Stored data

# # #

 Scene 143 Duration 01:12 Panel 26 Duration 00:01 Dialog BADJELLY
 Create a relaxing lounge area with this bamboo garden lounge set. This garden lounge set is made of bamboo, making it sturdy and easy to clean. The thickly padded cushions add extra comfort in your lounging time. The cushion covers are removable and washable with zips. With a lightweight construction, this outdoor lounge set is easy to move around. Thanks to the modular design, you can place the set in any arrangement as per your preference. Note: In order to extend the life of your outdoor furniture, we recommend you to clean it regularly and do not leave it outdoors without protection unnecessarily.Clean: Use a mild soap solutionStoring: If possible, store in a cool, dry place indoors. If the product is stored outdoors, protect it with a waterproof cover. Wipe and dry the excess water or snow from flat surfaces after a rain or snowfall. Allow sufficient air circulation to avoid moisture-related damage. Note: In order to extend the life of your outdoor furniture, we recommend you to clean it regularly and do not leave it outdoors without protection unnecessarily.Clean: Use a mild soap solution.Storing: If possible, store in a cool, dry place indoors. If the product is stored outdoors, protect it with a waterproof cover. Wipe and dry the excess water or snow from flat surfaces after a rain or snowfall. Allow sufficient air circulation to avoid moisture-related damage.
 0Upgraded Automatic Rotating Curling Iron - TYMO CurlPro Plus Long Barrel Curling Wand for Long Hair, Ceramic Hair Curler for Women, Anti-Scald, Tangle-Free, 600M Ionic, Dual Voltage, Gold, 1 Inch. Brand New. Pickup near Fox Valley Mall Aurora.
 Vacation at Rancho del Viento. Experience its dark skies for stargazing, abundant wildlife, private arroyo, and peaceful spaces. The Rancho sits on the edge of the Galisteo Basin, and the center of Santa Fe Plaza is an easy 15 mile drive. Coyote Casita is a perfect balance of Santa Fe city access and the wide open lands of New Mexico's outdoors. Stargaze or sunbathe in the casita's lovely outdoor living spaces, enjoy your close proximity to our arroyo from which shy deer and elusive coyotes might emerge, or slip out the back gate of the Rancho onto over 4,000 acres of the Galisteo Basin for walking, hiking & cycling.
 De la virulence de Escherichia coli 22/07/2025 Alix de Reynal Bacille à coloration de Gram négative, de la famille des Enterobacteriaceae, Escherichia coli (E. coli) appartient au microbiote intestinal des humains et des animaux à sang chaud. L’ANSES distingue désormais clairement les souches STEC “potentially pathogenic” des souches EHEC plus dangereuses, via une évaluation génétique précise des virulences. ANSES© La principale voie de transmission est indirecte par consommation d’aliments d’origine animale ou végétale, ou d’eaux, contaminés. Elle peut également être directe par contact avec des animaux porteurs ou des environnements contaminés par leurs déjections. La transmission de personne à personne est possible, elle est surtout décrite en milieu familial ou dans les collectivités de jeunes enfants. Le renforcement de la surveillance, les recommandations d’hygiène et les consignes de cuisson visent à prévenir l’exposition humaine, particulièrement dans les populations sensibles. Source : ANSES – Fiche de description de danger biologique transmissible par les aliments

# # #

*What you should do:*
Above are the records; retype them all without a single difference.

*Written response:*
 Scene 143 Duration 01:12 Panel 26 Duration 00:01 Dialog BADJELLY
 Create a relaxing lounge area with this bamboo garden lounge set. This garden lounge set is made of bamboo, making it sturdy and easy to clean. The thickly padded cushions add extra comfort in your lounging time. The cushion covers are removable and washable with zips. With a lightweight construction, this outdoor lounge set is easy to move around. Thanks to the modular design, you can place the set in any arrangement as per your preference. Note: In order to extend the life of your outdoor furniture, we recommend you to clean it regularly and do not leave it outdoors without protection unnecessarily.Clean: Use a mild soap solutionStoring: If possible, store in a cool, dry place indoors. If the product is stored outdoors, protect it with a waterproof cover. Wipe and dry the excess water or snow from flat surfaces after a rain or snowfall. Allow sufficient air circulation to avoid moisture-related damage. Note: In order to extend the life of your outdoor furniture, we recommend you to clean it regularly and do not leave it outdoors without protection unnecessarily.Clean: Use a mild soap solution.Storing: If possible, store in a cool, dry place indoors. If the product is stored outdoors, protect it with a waterproof cover. Wipe and dry the excess water or snow from flat surfaces after a rain or snowfall. Allow sufficient air circulation to avoid moisture-related damage.
 0Upgraded Automatic Rotating Curling Iron - TYMO CurlPro Plus Long Barrel Curling Wand for Long Hair, Ceramic Hair Curler for Women, Anti-Scald, Tangle-Free, 600M Ionic, Dual Voltage, Gold, 1 Inch. Brand New. Pickup near Fox Valley Mall Aurora.
 Vacation at Rancho del Viento. Experience its dark skies for stargazing, abundant wildlife, private arroyo, and peaceful spaces. The Rancho sits on the edge of the Galisteo Basin, and the center of Santa Fe Plaza is an easy 15 mile drive. Coyote Casita is a perfect balance of Santa Fe city access and the wide open lands of New Mexico's outdoors. Stargaze or sunbathe in the casita's lovely outdoor living spaces, enjoy your close proximity to our arroyo from which shy deer and elusive coyotes might emerge, or slip out the back gate of the Rancho onto over 4,000 acres of the Galisteo Basin for walking, hiking & cycling.
 De la virulence de Escherichia coli 22/07/2025 Alix de Reynal Bacille à coloration de Gram négative, de la famille des Enterobacteriaceae, Escherichia coli (E. coli) appartient au microbiote intestinal des humains et des animaux à sang chaud. L’ANSES distingue désormais clairement les souches STEC “potentially pathogenic” des souches EHEC plus dangereuses, via une évaluation génétique précise des virulences. ANSES© La principale voie de transmission est indirecte par consommation d’aliments d’origine animale ou végétale, ou d’eaux, contaminés. Elle peut également être directe par contact avec des animaux porteurs ou des environnements contaminés par leurs déjections. La transmission de personne à personne est possible, elle est surtout décrite en milieu familial ou dans les collectivités de jeunes enfants. Le renforcement de la surveillance, les recommandations d’hygiène et les consignes de cuisson visent à prévenir l’exposition humaine, particulièrement dans les populations sensibles. Source : ANSES – Fiche de description de danger biologique transmissible par les aliments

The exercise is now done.